Estimates tau(x) = E[Y(1) - Y(0) | X=x] via a chosen learner family. The reported scalar is the population ATE (mean over units of the estimated CATEs) with the AIPW (doubly robust) influence-function SE — learner-independent. Per-unit CATEs are accessible on result.underlying.model_info['cate'].

q = sp.causal_question(
    treatment='trained', outcome='wage',
    design='metalearner', estimand='CATE',
    covariates=['age', 'edu', 'exp'],
    data=df,
)
r = q.estimate(learner='dr')              # default
cate = r.underlying.model_info['cate']    # per-unit tau(x_i)

causal_forest — honest random forest [athey2019generalized; wager2018estimation]

Honest random-forest estimator of tau(x) with sub-sampled trees.

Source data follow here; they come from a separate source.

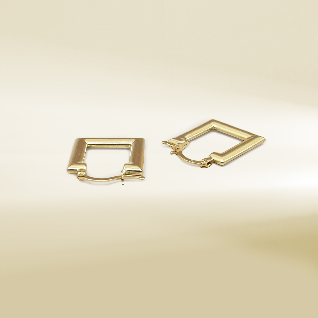18K Yellow Gold Square Shaped Hoop Earrings
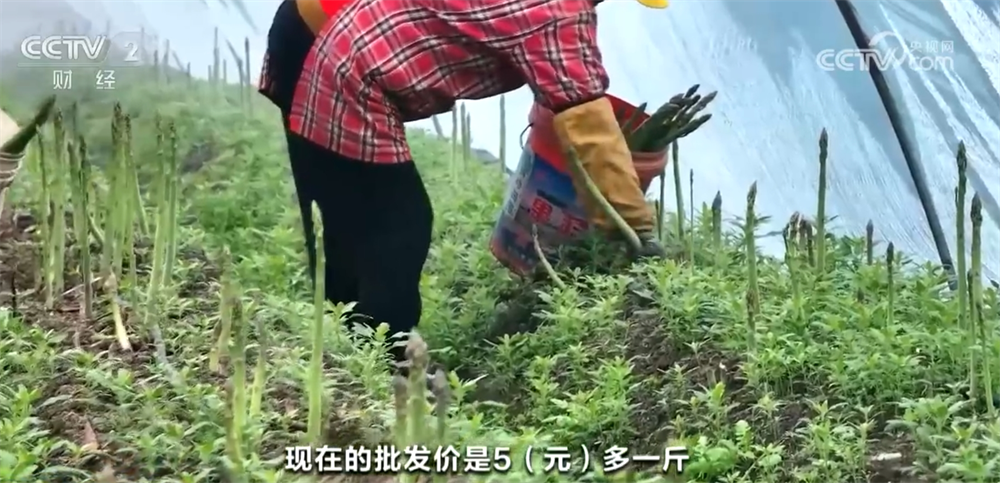 江苏省泰州市白米镇大安村村委会工作人员徐浩称:“我们在大棚里面装了一个二棚。二棚的作用就是保温,提高芦笋的生长速度。现在的批发价是五元多一斤,比正常上市那会儿(三月份)高了一元多。”
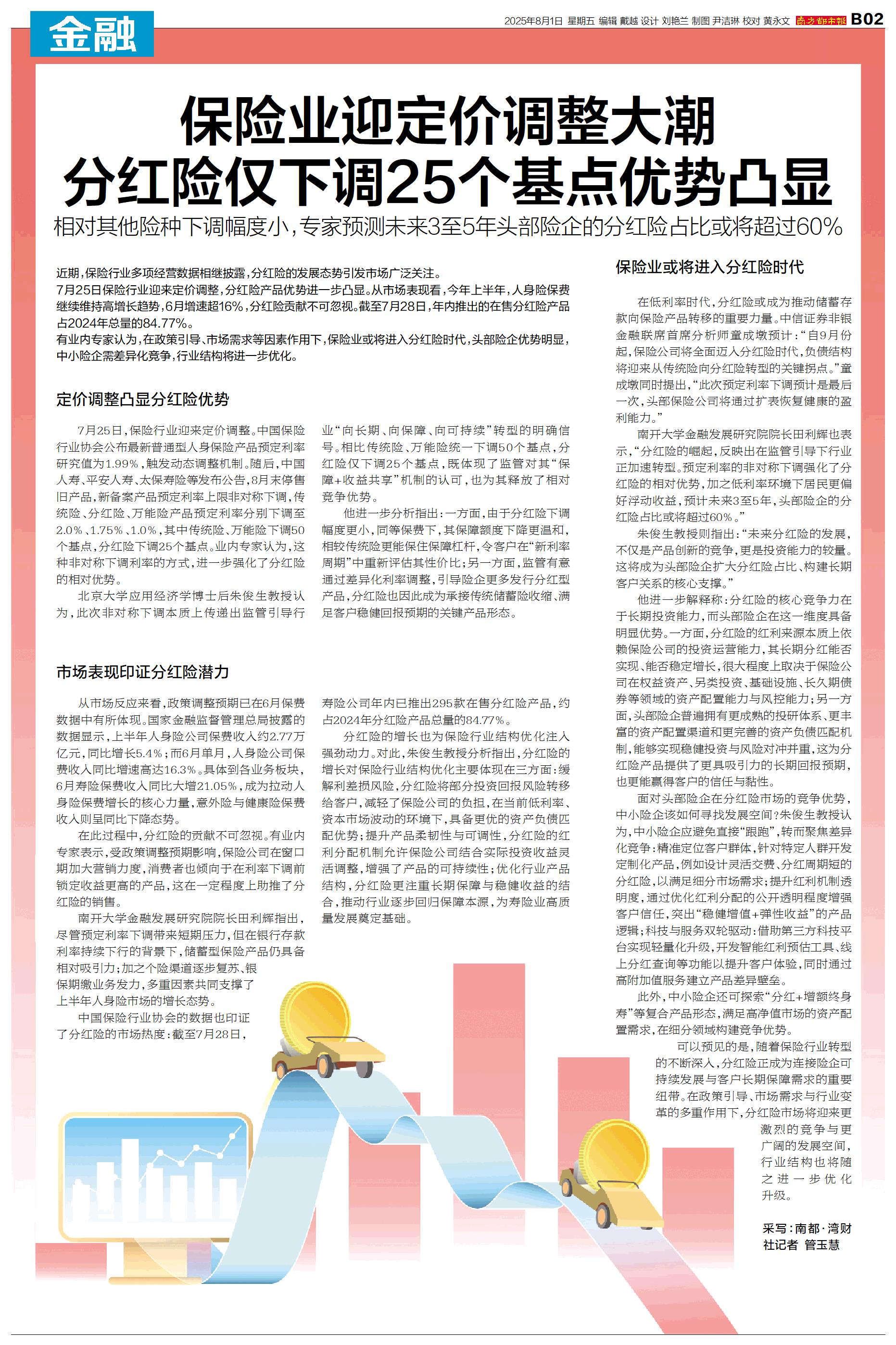 近期,保险行业多项经营数据相继披露,分红险的发展态势引发市场广泛关注。 7月25日保险行业迎来定价调整,分红险产品优势进一步凸显。从市场表现看,今年上半年,人身险保费继

The reported scalar ATE point and SE come from the cross-fit AIPW influence function [vanderlaan2003unified; chernozhukov2018double] — B-independent and doubly robust, exactly the approach grf::average_treatment_effect uses in R. Per-unit CATEs and pointwise GRF intervals are available via result.underlying.effect(X) and result.underlying.effect_interval(X).

q = sp.causal_question(
    treatment='trained', outcome='wage',
    design='causal_forest',
    covariates=['age', 'edu', 'exp'],
    data=df,
)
r = q.estimate(n_estimators=500, random_state=0)
cate = r.underlying.effect(df[['age', 'edu', 'exp']].to_numpy())

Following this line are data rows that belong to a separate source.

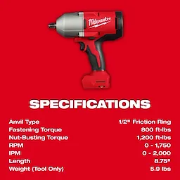 Up to 800 ft-lbs of fastening torque & 1,200 ft-lbs of nut busting torque
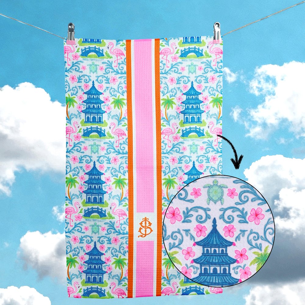 Smyck ditt kök med vår utsökta våffelhandduk med en delikat pagodillustration som hyllar klassisk österländsk estetik. Detta konstnärliga föremål erbjuder personlig elegans med initialer, vilket förvandlar ett praktiskt föremål till ett anpassat konstverk. Den sofistikerade våffelstrukturen förbättrar inte bara funktionaliteten utan ger också en dimensionell skönhet till den traditionella designen.
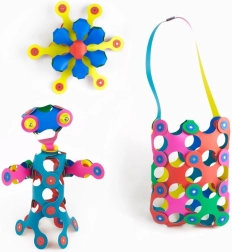 - 42 elementi / 6 krāsas – veidojiet dzīvniekus, ziedus, somas, robotus un fantāzijas formas.
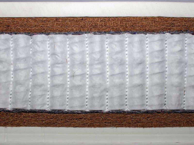 Кокосовая койра - экологически чистый натуральный наполнитель, состоящий из кокосовых волокон, обладает хорошим воздухо- и влагообменом, гипоаллергенностью и долговечностью.
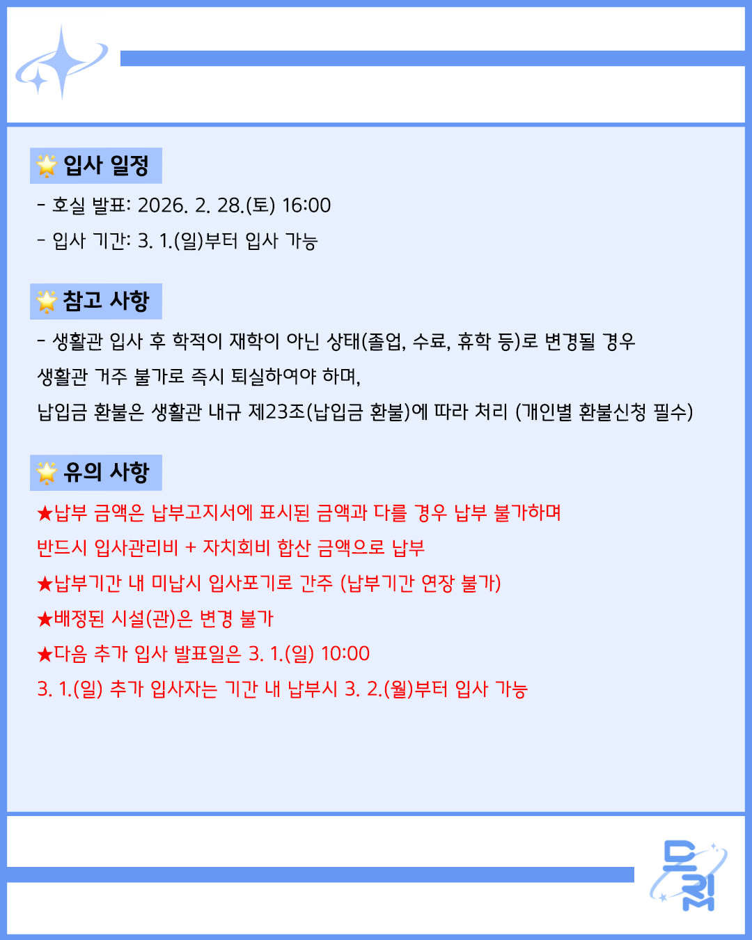02.28.(토)에 2026학년도 1학기 학생생활관 추가 입사자 발표 및 납부가 진행됩니다. 기숙사 입사를 희망하시는 학우 여러분들께서는 본 게시물 및 하단의 카드뉴스를 참고하시기 바랍니다.

Binary treatment only — for continuous T, use design='dml'.

2. Comparison

Property dml tmle metalearner causal_forest
Population ATE point ✓ (=mean of CATEs) ✓ (via AIPW-IF)
Population ATE SE Neyman-orth IF EIF (Super Learner) AIPW-IF AIPW-IF
LATE via IV ✓ (PLIV / IIVM)
CATE function
Continuous treatment ✓ (PLR)
Binary outcome ✓ (Super Learner)
Doubly robust ✓ (DR / R-Learner) ✓ (via AIPW-IF)

3. Decision tree

  1. Do you need heterogeneous effects τ(x), not just the population ATE?
  2. YES → go to step 2.
  3. NO → go to step 3.

  4. Do you want a tree-based nonparametric CATE estimator?

  5. YES (and treatment is binary) → design='causal_forest'.
  6. NO (or want a specific learner family — S/T/X/R/DR) → design='metalearner'.

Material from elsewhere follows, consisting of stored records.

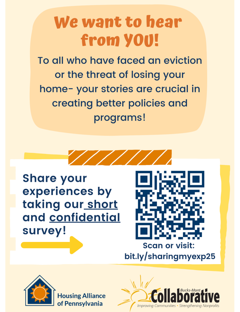 Thank you to everyone who has already helped shared our eviction experience survey—our partners at the Housing Alliance of Pennsylvania have seen a noticeable uptick in responses from Bucks and Montgomery Counties.
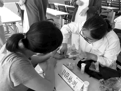 由中国心律失常联盟发起的“2016年房颤周患者教育系列活动”近期在北京各大医院陆续开展。通过健康宣教、专家义诊、免费检测等形式,为居民提供免费的一对一心脏健康咨询服务,现场进行血糖、血压及INR值检测,帮助患者提前发现隐患并给出专业治疗意见,受到群众欢迎。谭泽荫 摄
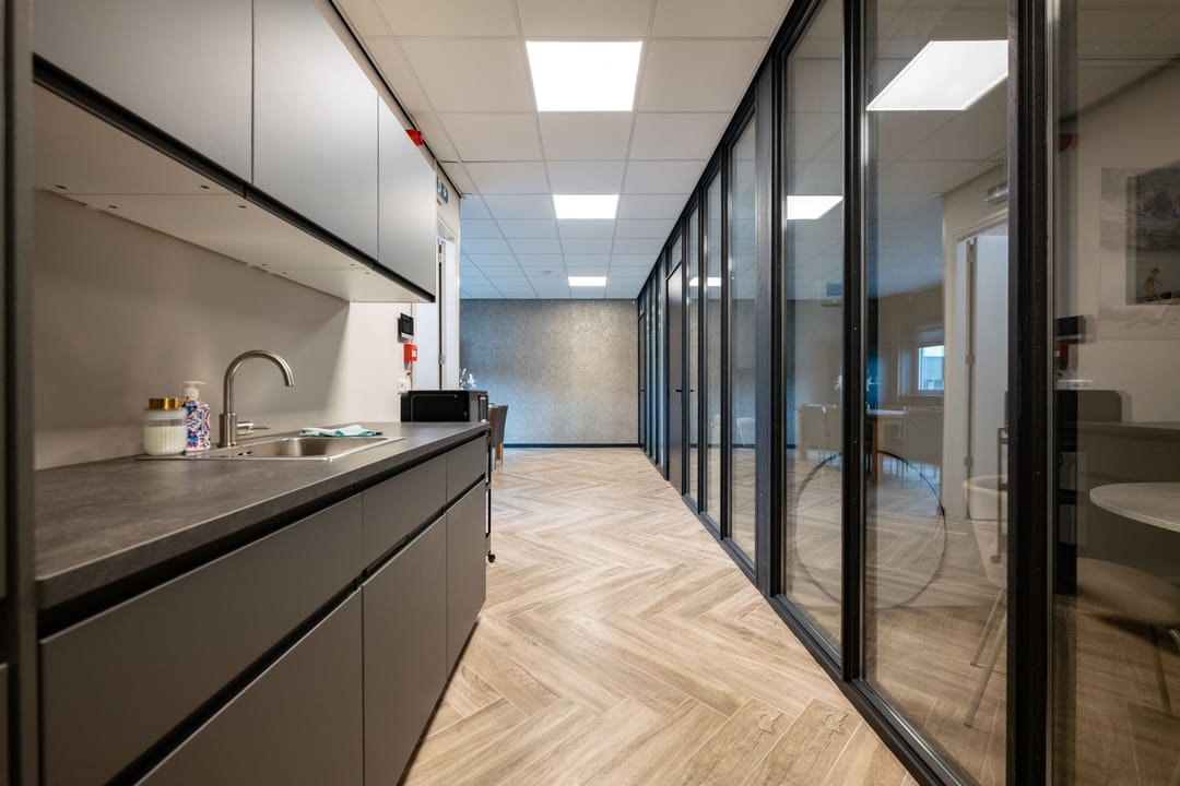 - Systeemplafond met LED verlichting en airconditioning per unit;
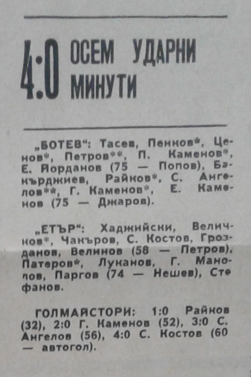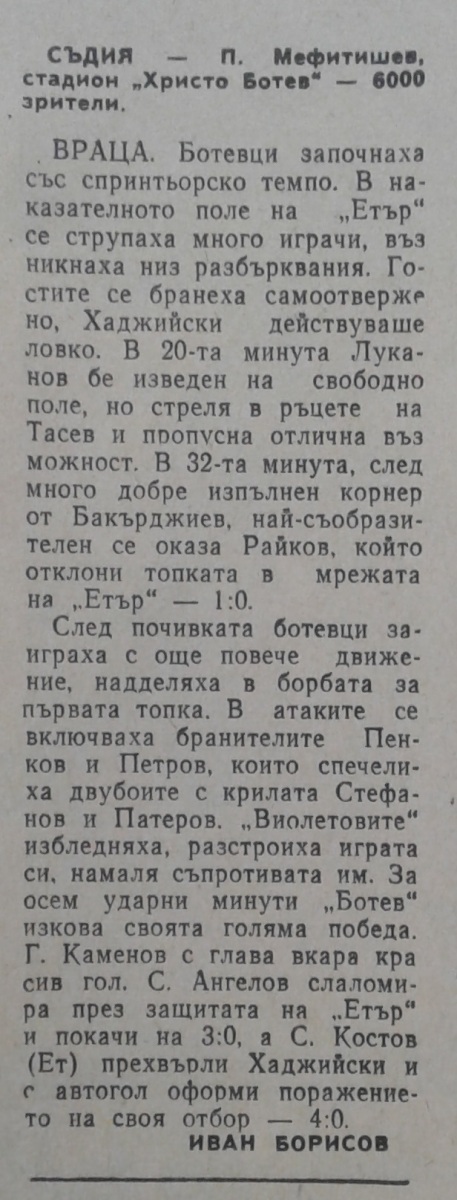 «Ботев» Враца - «Этыр» Велико-Тырново - 4:0

  7. Do you have an instrument that satisfies relevance + exclusion?

  8. YES → design='dml', instruments=[...]. The dispatcher picks IIVM (single binary Z → LATE) or PLIV (otherwise).
  9. NO → go to step 4.

  10. Is your outcome binary AND do you want Super Learner nuisance?

  11. YES → design='tmle'.
  12. NO → design='dml' (PLR for continuous T, IRM for binary T).

4. What the planner records

Every plan attached to a CausalQuestion records the assumptions you must defend, plus warnings for any silent estimand coercion (e.g. design='dml' with estimand='CATE' → coerced to ATE; for CATE use metalearner or causal_forest instead).

q = sp.causal_question(
    treatment='d', outcome='y', design='dml',
    estimand='CATE',          # mismatch with DML's scalar ATE target
    covariates=['x'], data=df,
)
plan = q.identify()
plan.estimand     # 'ATE' (coerced)
plan.warnings     # explains why

Same idea for the four reserved kwargs: passing y=, treat=, covariates=, or data= to q.estimate() raises TypeError early with a clear message — the dispatcher pulls these from the CausalQuestion fields, never from kwargs.

5. References

All citations resolve to entries in paper.bib:

  • chernozhukov2018double — DML, Econometrics Journal 21(1).
  • kunzel2019metalearners — meta-learners, PNAS 116(10).
  • nie2021quasi — R-learner / quasi-oracle, Biometrika 108(2).
  • wager2018estimation — causal forest, JASA 113(523).
  • athey2019generalized — generalised random forests, Annals of Statistics 47(2).
  • vanderlaan2006targeted — TMLE, International Journal of Biostatistics 2(1).
  • vanderlaan2003unified — efficient/AIPW estimating equations (Springer Series in Statistics, 2003).